Bir süre önce malum gazetelerden birinde yayınlanan tezviratı görünce, AK Partili arkadaşlar bile hala bu hareketi desteklememi yadırgayabiliyor. Gerçekten de şu sıralarda AK Parti’nin ‘gurur’ vesilesi olma dönemi bitmiş gözüküyor. İnsanlar yıprandılar… Kendi partilerini savunma gücünü ve enerjisini yitirdiler. Bunda OHAL’in yetki kullanımını genişletmek üzere kullanılması, dokunulmazlıkla ilgili sözlerin ihlal edilmesi, ekonomideki akıl dışı ısrar etkili oldu. Demokrasi açısından sorunlu bir anayasa değişikliğinin önerilmesi ve partinin giderek ideolojik olarak MHP’ye yakınlaşması da hevesleri kırdı. Belki de en ağırı partinin kurumsal niteliğinin ikinci plana düşmesi, keyfiliğin öne çıkması ve oportünizmin siyasete damga vurmasıydı. Bu durum yanlış işlerin yapılması yanında, bazılarının ahlaken sorgulanmayı davet eden tutumlar sergilemesine yol açtı.
***
Böyle bir atmosferde malum güruhun bel altı siyasetine maruz kalan benim gibi insanların, kendilerini hala AK Parti’ye yakın hissetmeleri haliyle kolay anlaşılır bir durum değil. Çünkü Türkiye’de siyaset güç, nüfuz ve yaptırım üzerinden algılanıyor.

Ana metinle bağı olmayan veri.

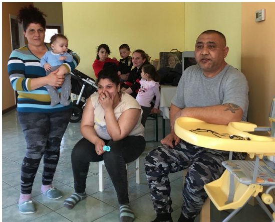
Roma and Ukrainian families from Ukraine

First a word about our part as the CHE Hungary team in ministering to Ukrainian refugees. Some 300,000 of them are seeking safety in Hungary as the terrible conflict rages in their home country. Since our primary mission here is doing Christ-centered community development in impoverished communities, we decided not to set up our own relief program for refugees. Instead, we have
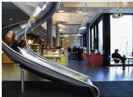
Case Study: Google's incredible new Zurich Office
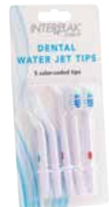
Water Jet Replacement Tips Item No. 1743
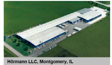
Hörmann LLC, Montgomery, IL
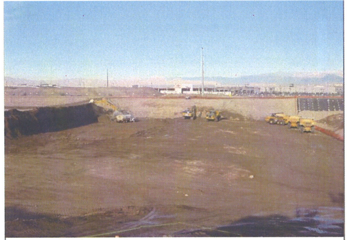
CAMU: Phase 1 western ditch soils finishing south wall.
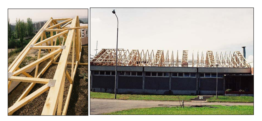
Figure 1. Lateral wind bracing

Lateral wind bracing represents transverse roof bracing (Figure 1). They are positioned in plane of the upper chords with the task of accepting the wind load that is perpendicular at the plane of the basic lightweight roof girders. Lateral bracing frame has the task of providing lateral supporting points for the chords of the basic lightweight roof girders that are loaded axially with force of pressure, and in that case the lateral wind bracing has the role of lateral bracing frame. In fields without roof bracing, the side supports of the upper chord are achieved by placing wooden battens that transmit the load to adjacent bracings (Figure 2 - left). Web members in which the permissible slenderness is exceeded for the reference width of the cross-section, must have lateral supporting points at half its length. This is done by setting up the lateral bracing in the plane of two web members, between the two basic lightweight roof girders (Figure 2 - right). A wooden batten, with the minimum dimensions of the cross-section 5/5 cm, is placed between them, and it connects the adjacent bracings and web members at half their length. The position of the lateral bracings for the single and double-deck roof has been shown in Figure 3 [3].

Diğer bir deyişle bu imkanları üreten yollara siyaset deniyor ve ‘siyaset’ yapmaya soyunanların da söz konusu imkanları elde etmeye hevesli oldukları varsayılıyor. Oysa birçokları için cazibenin ta kendisi olan o imkanlar başka bazı insanlar için sadece külfet…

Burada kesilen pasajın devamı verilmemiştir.